TripAdvisor.com recently reported that, “…the main attraction in Norway is the country itself.” With Norway’s vast array of fjords, mountains, waterfalls, and islands, there’s a lot to take in. The fact of the matter is that you simply can’t see all of Norway in just a few days – it’s a big country. Another experience that many flock to Norway for is the “midnight sun,” which can be viewed in the mid-summer, anywhere north of Bodø.

TripAdvisor’s tip? “Slow down, take time to enjoy areas between the cities. Make flexible and generous schedules.” Noted.

#2: The weather is…weird.

Just like the United States, Norway’s weather varies upon the region you are visiting. Even though they are geographically positioned very north, they experience their own Spring, Summer, Fall and Winter, too. To pack accordingly, map out your trip in advance and match your wardrobe and supplies to the areas you’ll be visiting.

A great tip from TripAdvisor’s knowledge of the Norwegian climate sums this up perfectly, especially if you are looking to visit the mountains. “The nordic sun can burn your skin even if it is not warm, particularly on snow fields, in the high mountains and near water surfaces. Bring sunglasses (UV-filter) and protect your nose and lips in the high mountains.”

#3: Norway is a rich country, but the views are free.

Even though Norway is considered one of the richest countries in the world, every single visitor or citizen has a right to enjoy and explore the great outdoors. TripAdvisor.com states,  “…everyone has right of access to wilderness (including beaches) even if privately owned.”

The best advice is to take advantage of the great appreciation for nature in Norway. People in Norway may have more money and spend more on personal expenses, but the less than 5 million citizens that live there enjoy their land and want visitors to enjoy it too.

#4: Restaurants are expensive, so get creative.
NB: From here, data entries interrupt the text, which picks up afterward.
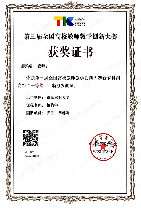 刘宇婧副教授团队主讲的《植物学》是面向生命科学领域专业大一学生开设的一门专业必修课。在本次大赛中,她全面阐述了三代人在《植物学》教学过程中 “从‘心’出发,打造沉浸式高效课堂”的教学创新成果。通过贯彻以学生发展为中心的教学理念,顺应新农科发展趋势和要求,从教学内容、教学资源、教学方式、教学评价等方面进行改革实践,构建了“生临其境、植入人心、物我相融,知行合一”沉浸式高效课堂的探索过程和取得的成果,现场汇报全面系统,有理有据,深入浅出,获得评委的一致好评。植物学课程教学团队在国家教学名师强胜教授带领下,长期坚持课程现代化建设,引领课程教学模式改革方向,先后获得首批国家精品课程、国家精品资源共享课程、国家线上和线上线下一流课程、国家课程思政示范课程,课程建设和改革成果先后获国家教学成果二等奖、省特一等奖3项,主编的植物学教材获首批国家优秀教材二等奖。此次获奖也是该课程不断加强团队建设的具体体现。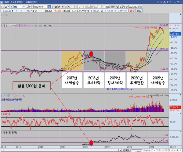 코스피 차트 흐름 분석 (2017~2021년)
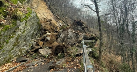 La via è completamente ostruita dall'enorme roccia che ha distrutto guard rail e manto stradale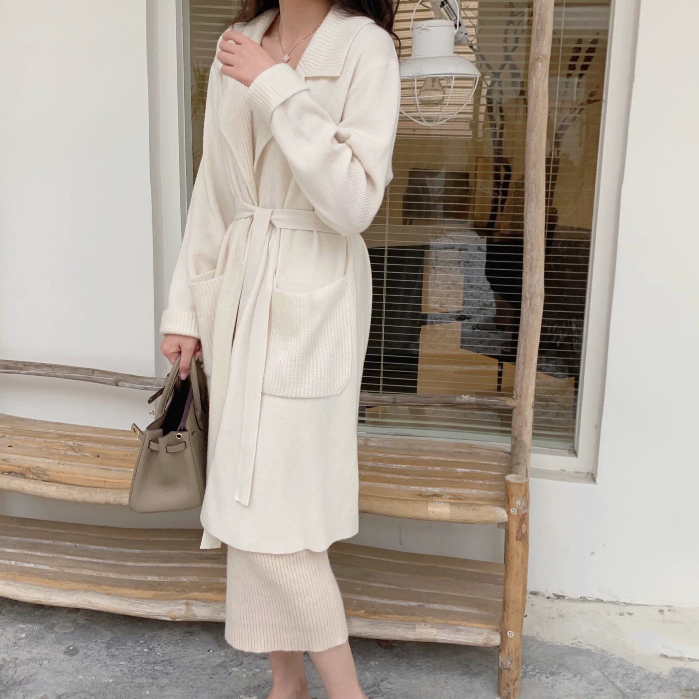 ベルテッドテーラードニットカーディガン

Sadly, taxes and tips are included on the checks at seemingly every restaurant you might want to go to, so visiting the local supermarkets and bakeries are your best bet for saving on food costs.

If you have a sudden craving for something quick and easy, there are plenty of pizzerias for locals and visitors to delight in.

#5: Norway is the happiest country in the world.

According to a recent study done annually by the United Nation, CBS.com reports that Norway has topped the list. Even with Norway given the top honors in the latest report, its Nordic counterparts round out the top of the list as well.

So, in theory, no matter where you go or what you do, you’re going to be really, super happy you did.

As with anything in life, it’s best to do your research before you pack up and head out. With Norway as your next travel destination, you’re in for something quite unique, with diverse experiences. Take your camera, but remember to soak it all in at the same time. There’s no place quite like it.